To both grow and thrive, however, a company needs a competitive advantage over its peers — what Morningstar calls its “moat.” A company with a wide moat is one Morningstar believes has “competitive advantages strong enough to fend off competition.”

With that in mind, here are five companies Morningstar views as having wide moats, making them some of the best small-cap stocks to buy for 2023 and beyond:

Small-cap stock Discount from fair value
John Wiley & Sons Inc.

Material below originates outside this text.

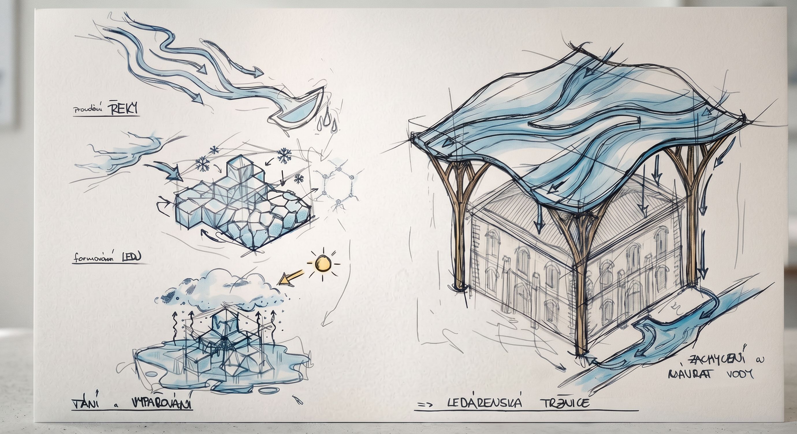 looks like an architecture student conceptual sketch, competition board quality, calm and refined.,hand-drawn architectural concept diagram on white background, minimal clean composition, black ink sketch with soft light blue watercolor accents, showing water flow transforming into architecture and back into river, sequence of diagrams arranged horizontally and vertically, including: river flow lines, organic roof structure supported by columns, structure extending and dissolving into river, circular water cycle river → ice → evaporation → return, and cyanotype process paper → water → sun → blue print, simple readable layout, thin lines, no shading clutter, soft artistic style, conceptual architecture sketch, clear arrows and minimal handwritten labels, calm and poetic atmosphere, lots of white space, keep exact camera angle

Class A (ticker: WLY) 32%
The Western Union Co. (WU) 36%
Compass Minerals International Inc. (CMP) 50%
Core Laboratories Inc. (CLB) 24%
Guidewire Software Inc. (GWRE) 14%

John Wiley & Sons Inc. Class A (WLY)

Commonly known as Wiley, you’ve likely encountered a John Wiley & Sons product or two in your school years. It’s one of the world’s leading educational material publishing companies, from journals to textbooks and even post-secondary course material and lifestyle books.

From humble beginnings as a New York City print shop more than 200 years ago, WLY has developed a considerable competitive advantage that Morningstar equity analyst Zain Akbari says will “endure despite near-term student enrollment-related volatility.”

He attributes this wide moat to Wiley’s journal unit of “must-have” titles and “deep relationships with academic institutions, researchers and corporations.” The cost for these customers to switch from Wiley products would be high, Akbari notes.

That said, Akbari adds that this competitive advantage may be deteriorating due to a shift away from educational textbooks, so keep an eye on this company if you plan to invest long term.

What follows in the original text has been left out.